Reputation: 1105
So I have a data frame , simplified as this:
ID A B C
1 1 5 0
2 3 0 3
3 0 2 1
2 5 9 1
3 3 5 3
1 2 6 4
Simply put, I want to calculate the following for each row:
Easy enough, but the hard part for me is after taking each, how do I create a mean value to represent each ID.
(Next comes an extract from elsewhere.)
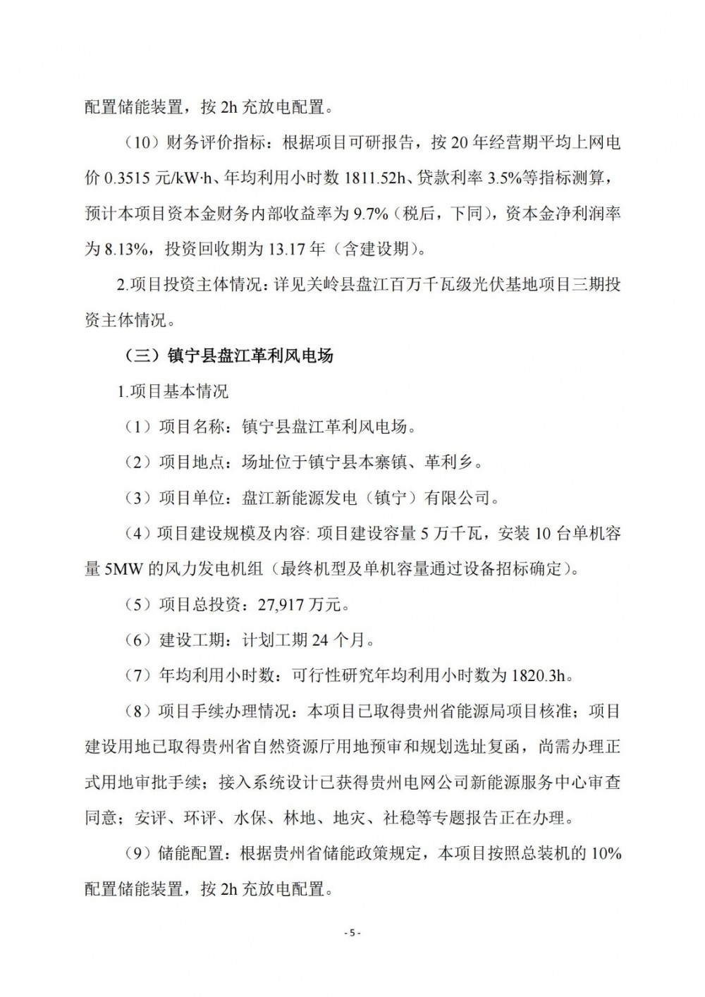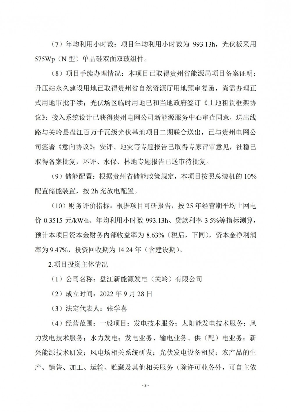 其中关岭县盘江百万千瓦级光伏基地项目三期,投资主体为盘江新能源发电(关岭)有限公司。该项目总投资17.73亿元,建设规模额定容量为40万千瓦,直流侧容量为52.24万千瓦。本项目按照总装机的10%配置储能装置,按2h充放电配置。该项目年均利用小时数为993.13h,光伏板采用575Wp(N型)单晶硅双面双玻组件。根据项目可研报告,按25年经营期平均上网电价0.3515元/kWh、年均利用小时数993.13h、贷款利率3.5%等指标测算,预计本项目资本金财务内部收益率为8.63%(税后,下同),资本金净利润率为9.47%,投资回收期为14.24年(含建设期)。

So after I get these values, how do I show the AVERAGE MEAN/MED/MAX/MIN for each ID???
Expected output:
(1)
ID Mean Median Min Max
1 2 1 0 5
2 2 3 0 3
3 1 1 0 2
2 5 5 1 9
3 3.66 3 3 5
1 4 4 2 6
(2)
ID AvgMean AvgMedian AvgMin AvgMax
1 3 2.5 1 5.5
2 3.5 4 1 6
3 2.33 3 3 3.5
Upvotes: 1
Views: 2179
Reputation: 9485
You can try something like this:
library(dplyr)
df %>%
group_by(ID) %>%
summarise(mean_ = mean(c_across(A:C), na.rm = T),
medi_ = median(c_across(A:C), na.rm = T),
max_ = max(c_across(A:C), na.rm = T),
min_ = min(c_across(A:C), na.rm = T))
`summarise()` ungrouping output (override with `.groups` argument)
# A tibble: 3 x 5
ID mean_ medi_ max_ min_
<int> <dbl> <dbl> <int> <int>
1 1 3 3 6 0
2 2 3.5 3 9 0
3 3 2.33 2.5 5 0
For the second part:
df %>%
rowwise() %>%
summarise(mean_ = mean(c_across(A:C), na.rm = T),
medi_ = median(c_across(A:C), na.rm = T),
max_ = max(c_across(A:C), na.rm = T),
min_ = min(c_across(A:C), na.rm = T))
`summarise()` ungrouping output (override with `.groups` argument)
# A tibble: 6 x 4
mean_ medi_ max_ min_
<dbl> <int> <int> <int>
1 2 1 5 0
2 2 3 3 0
3 1 1 2 0
4 5 5 9 1
5 3.67 3 5 3
6 4 4 6 2
With data:
df <- structure(list(ID = c(1L, 2L, 3L, 2L, 3L, 1L), A = c(1L, 3L,
0L, 5L, 3L, 2L), B = c(5L, 0L, 2L, 9L, 5L, 6L), C = c(0L, 3L,
1L, 1L, 3L, 4L)), class = "data.frame", row.names = c(NA, -6L
))
Upvotes: 4
Reputation: 76450
In base R, the following seems to do what the question asks for.
out
is a data.frame of the statistics ungrouped and out2
of the grouped ones.
fun <- function(X){
f <- function(x, na.rm = FALSE){
c(
Mean = mean(x, na.rm = na.rm),
Median = median(x, na.rm = na.rm),
Min = min(x, na.rm = na.rm),
Max = max(x, na.rm = na.rm)
)
}
t(apply(X, 1, f))
}
out <- lapply(split(df1[-1], df1$ID), fun)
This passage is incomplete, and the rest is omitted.